The financial plan of any company has a significant impact of the strategies undertaken by it. The amount of funds, which needs to be allocated by the trust on any of its activities, depends on the strategy itself. The financial plan of UHB has been showing a net surplus ranging from £6.6 million in 2009/10 to £18.7 million in 2015/16 (Indeed.co.uk. 2018). Any change to the budget of UHP, requires a re-evaluation of the current strategies in place and the ones in the process of formulation would be stopped. When there is a dip in the cash flow of the trust, or any other financial parameters, the core strategies must be looked into in details, if necessary some of them must be revised and new strategies must be created. Each of the strategies creates an impact on the key finance sources, such as shares, sales and cash inflow.
PART. 1.3:
The issues of risk within a financial plan are varies in accordance with the financial plans, which are chalked up by the respective organisations.

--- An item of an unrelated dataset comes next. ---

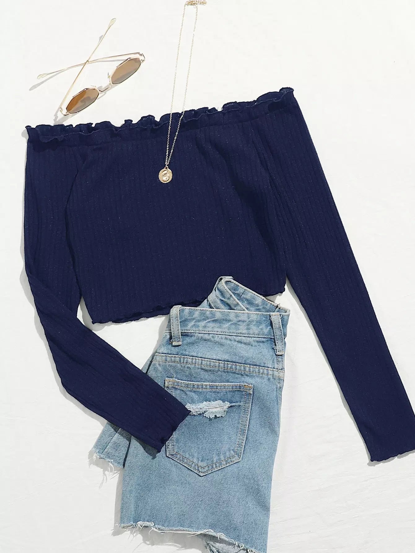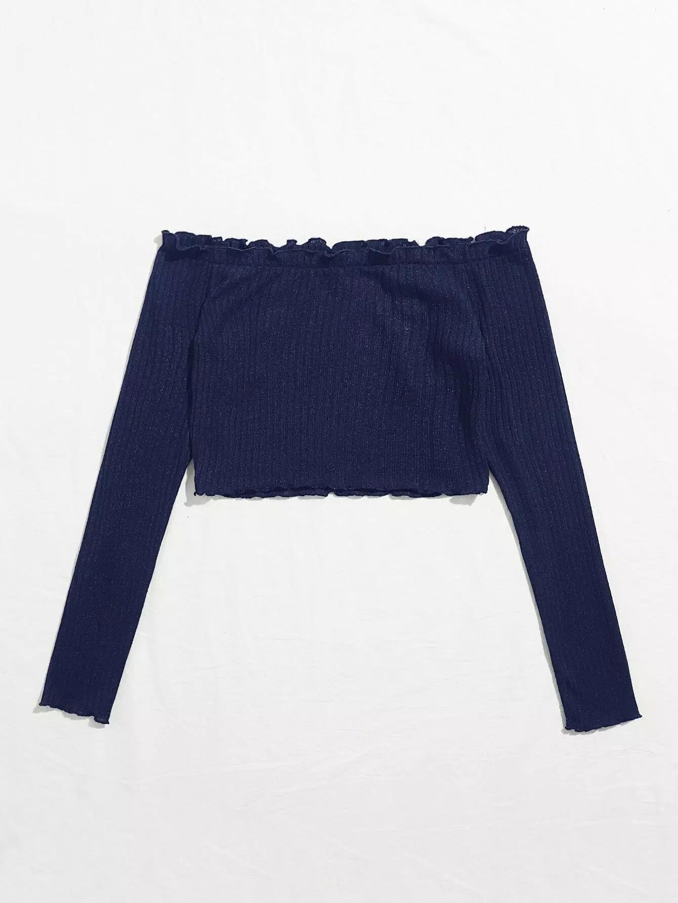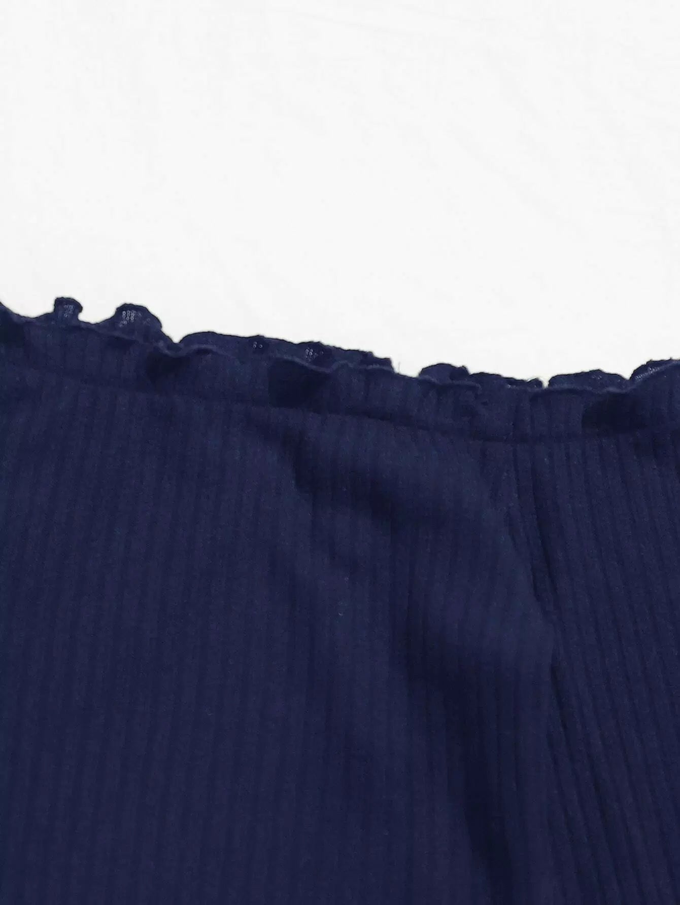 بلوزة قصيرة محبوكة على شكل ضلع محبوكة من دون أكتاف بحواف من الخس

Some of the financial risks associated with the financial plan of UHB are as follows:
- Cost pressure: Unforeseen cost pressure have been taking place, with cost increasing well beyond 0.5%, in the case of the long term financial plan.
- Under-achievement of the annual savings by the trust: There have been slippage in terms of savings, which have been reflected in the monthly financial reviews.
- Drop in activities: There have been a wide range of variation in the activities, which might be of temporary nature. Although, drop in the demand for acute activity below the plan is alarming.
Mitigation plans:
- Cost Pressure: In case of non-recurring nature of risks, alternative solutions can be created to mitigate the effects and in case of a recurring cost pressure case, the risk can be mitigated by taking actions of various kinds. In other cases, a re-re-arrangement of strategic commitments can also be done, in any adverse cases of non-recurring cases.
- Under achievement of annual savings: Slippage of savings is a crucial problem, which needs to be solved, as early as possible. In short term cases, more centralised control of vacancies must be done, in the medium term cases, future savings plan must be brought up and created and in the case of long term cases, operational efficiency must be looked after in detail and the adoption of lean practices must be brought into the picture (Alhenawi 2013).
- Acute fall in activities: A strategic review of the commitments related to the different adopted strategies and their activities must be undertaken in such kind of circumstances.
- Task 2:
- PART 1.2:
The financial plan is one of the most important aspects of any organisation for any time period (Wright 2014). It classifies and puts in record the different aspects and components of the financial plan, which needs to be implemented for better financing of the organisation or the trust involved. Some of the major components of the financial plan of UHB are as follows:
- Income and Expenditure projections: The Income and expenditure plan shows a normal surplus with an excess of 2% of the turnover and it has remained the benchmark. The strong income and expenditure of the trust is a direct contribution of effective cost control, use of internal depreciation to fund important capital schemes, thereby decreasing the charges of capital nature on the current assets, interests’ receivable on the balances of cash. It is the very heart and soul of the entire trust.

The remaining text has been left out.